It's one of those weird-but-true "rules of life" that every group, no matter how innocuous one would thing it would be, ends up having a few people who just seem to be incapable of being pleasant. Some years ago, I was in a *canary* breeding-and-raising club, of all things!!!, and even that had a couple of people who were pushy, overbearing, controlling, and rude. You'd think that people raising such tiny, frail, and sweet little critters would have a gentle demeanor, but nope: even that group had its nasty, petty, and pathetic tyrant-wannabes. It's the same everywhere, because sadly, there are just a heck of a lot of damaged people in the world.

If someone is sending nasty private messages, I'd suggest contacting the group admin, because that would definitely qualify as personal harassment.

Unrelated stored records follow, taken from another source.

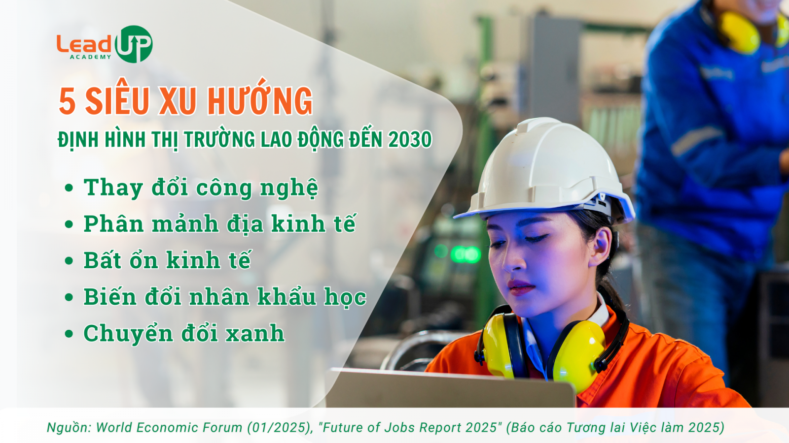 Trong thập kỷ tới, thị trường lao động toàn cầu được dự báo sẽ trải qua một giai đoạn biến đổi mạnh mẽ, chịu tác động đồng thời từ nhiều yếu tố vĩ mô như: sự tiến bộ của công nghệ, phân mảnh địa kinh tế, bất ổn kinh tế, thay đổi nhân khẩu học và quá trình chuyển đổi xanh. Động lực thúc đẩy từ những xu hướng này đang hằng ngày tái định hình cấu trúc việc làm, kỹ năng và cách thức tổ chức công việc trong các doanh nghiệp.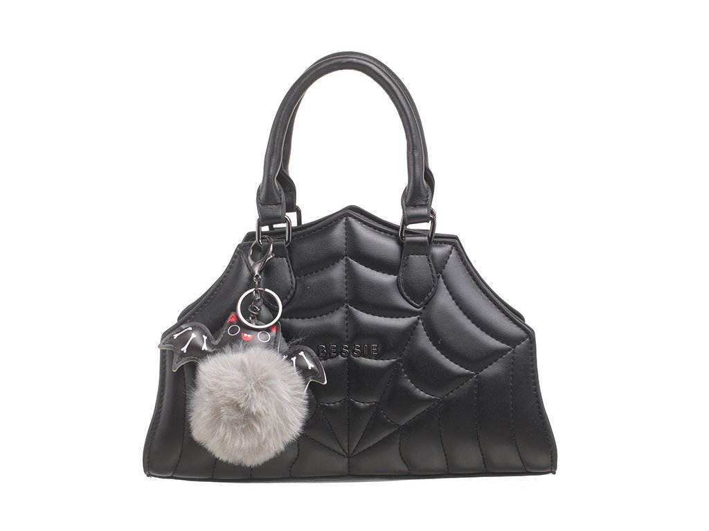 Čierna Halloweenská prešívaná kabelka pavučinou a s príveskom netopiera - Bessie London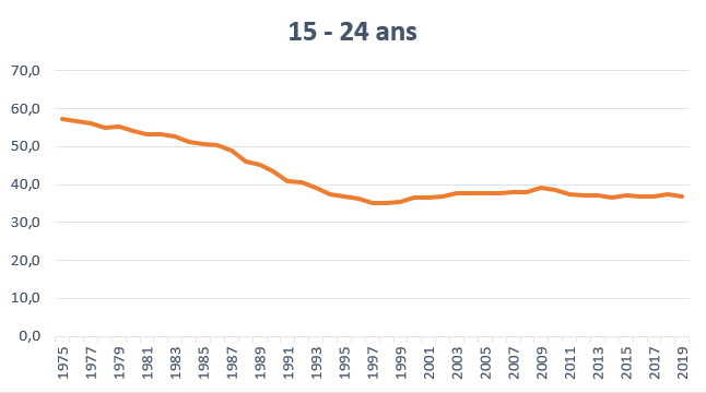 Le point le plus marquant dans l’évolution de la population active depuis 1975 tient à l’emploi des jeunes. En 1975, 60% des 15 à 24 ans étaient en situation d’emploi. Cette proportion est passée sous la barre des 50% en 1987, puis sous la barre des 40% en 1991. Depuis cette époque, elle stagne autour de 38%.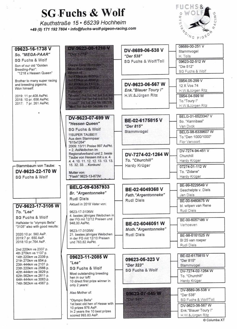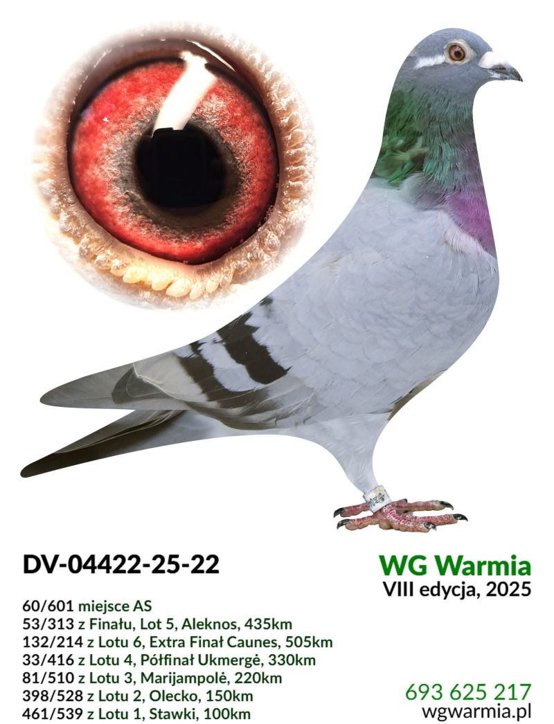 Uczestnik WG Warmia 2025, sezon VIII. Loty z kierunku północny wschód, Litwa. 53 z Finału, 60 AS, 132 z Extra Finału. Szczegóły pochodzenia w rodowodzie.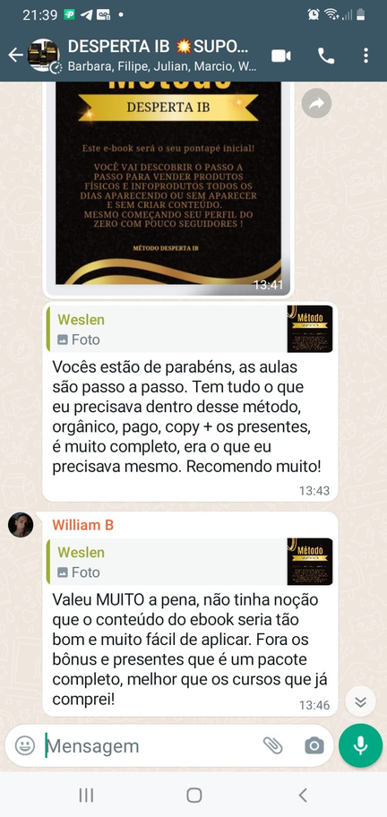 Depoimento de alunos que já adquiriram o E-book DESPERTA IB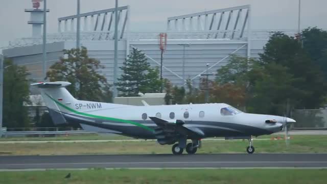 Wide low angle shot of airplane flying overhead - small airplane arrives to the airport against the background of a gray evening sky
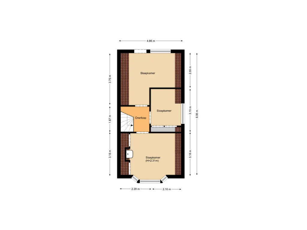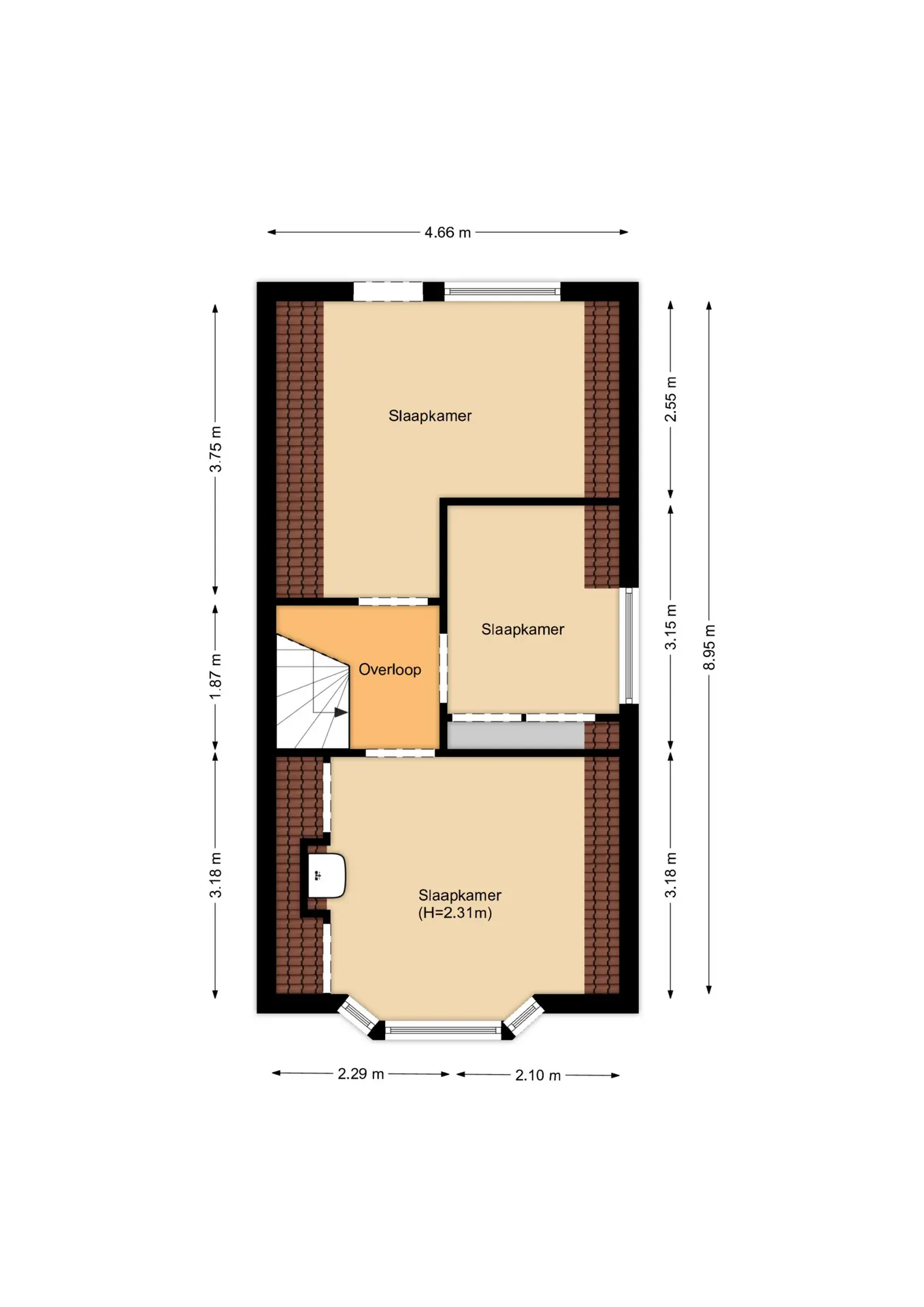 Hier vind je drie slaapkamers, elk met voldoende ruimte en lichtinval. De verdieping biedt een goede basis om naar eigen smaak te vernieuwen – ideaal voor wie droomt van een moderne slaapverdieping of bijvoorbeeld een thuiswerkplek.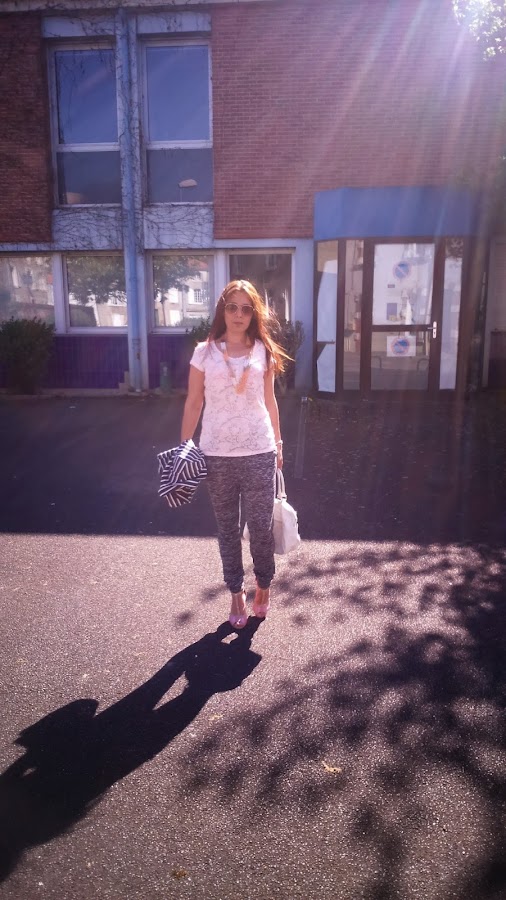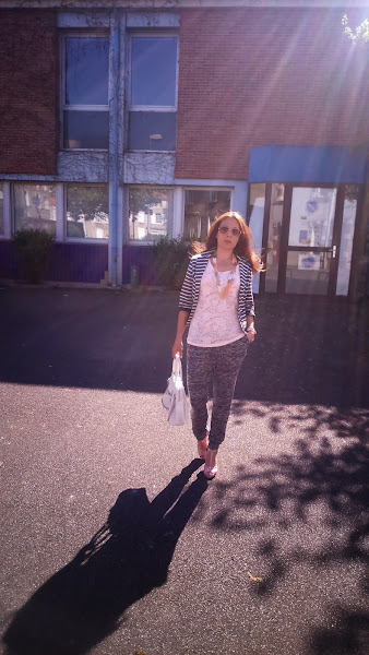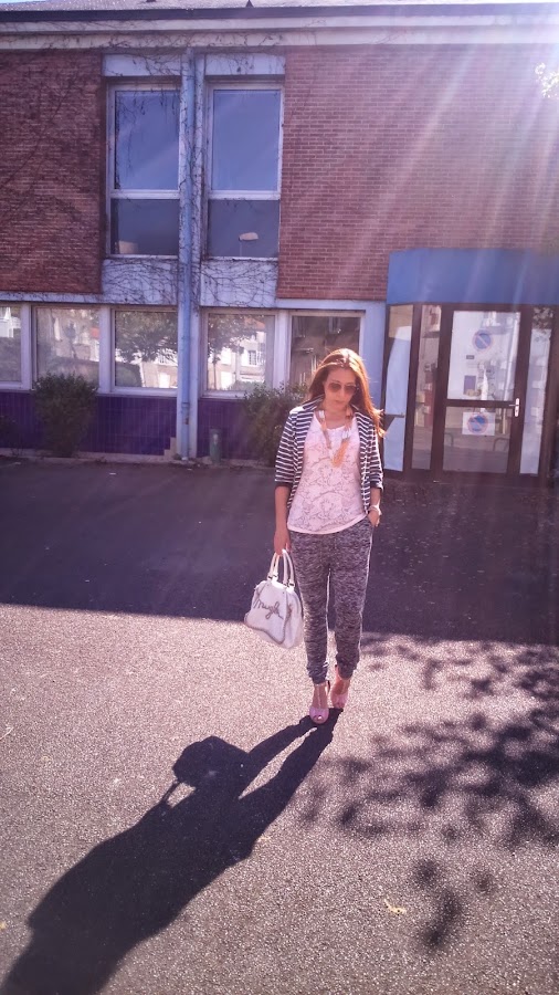 Los pantalones y el collar son de New yorker, el blazer es de Jennyfer, las gafas y el t shiert de H&m y el bolso es de Thierry mugler.

With public posts, though, block/"ignore" as you can, and on those occasions where you do see them show up, well, just try to remember that they're to be pitied, because they've got to be really "messed up", as the phrase goes, in their minds and hearts to constantly be so miserable - and try to not let their miserableness squash your own happiness and enjoyment. It's difficult, but it gets a little easier with practice 

I hope that helps....


----------



## der_fisherman (Jul 26, 2014)

MashaBistitchual said:


> People, please keep it civilized, this is primarily a forum for lovers of knitting and crocheting.
> 
> *I don't understand why some of you would defend Andy since he started the whole insulting business, but the rest doesn't need to stoop to that level of insulting.*


Here is the insulting sentence again in bold!!!! But apparently you REALLY DON'T UNDERSTAND WHY!!!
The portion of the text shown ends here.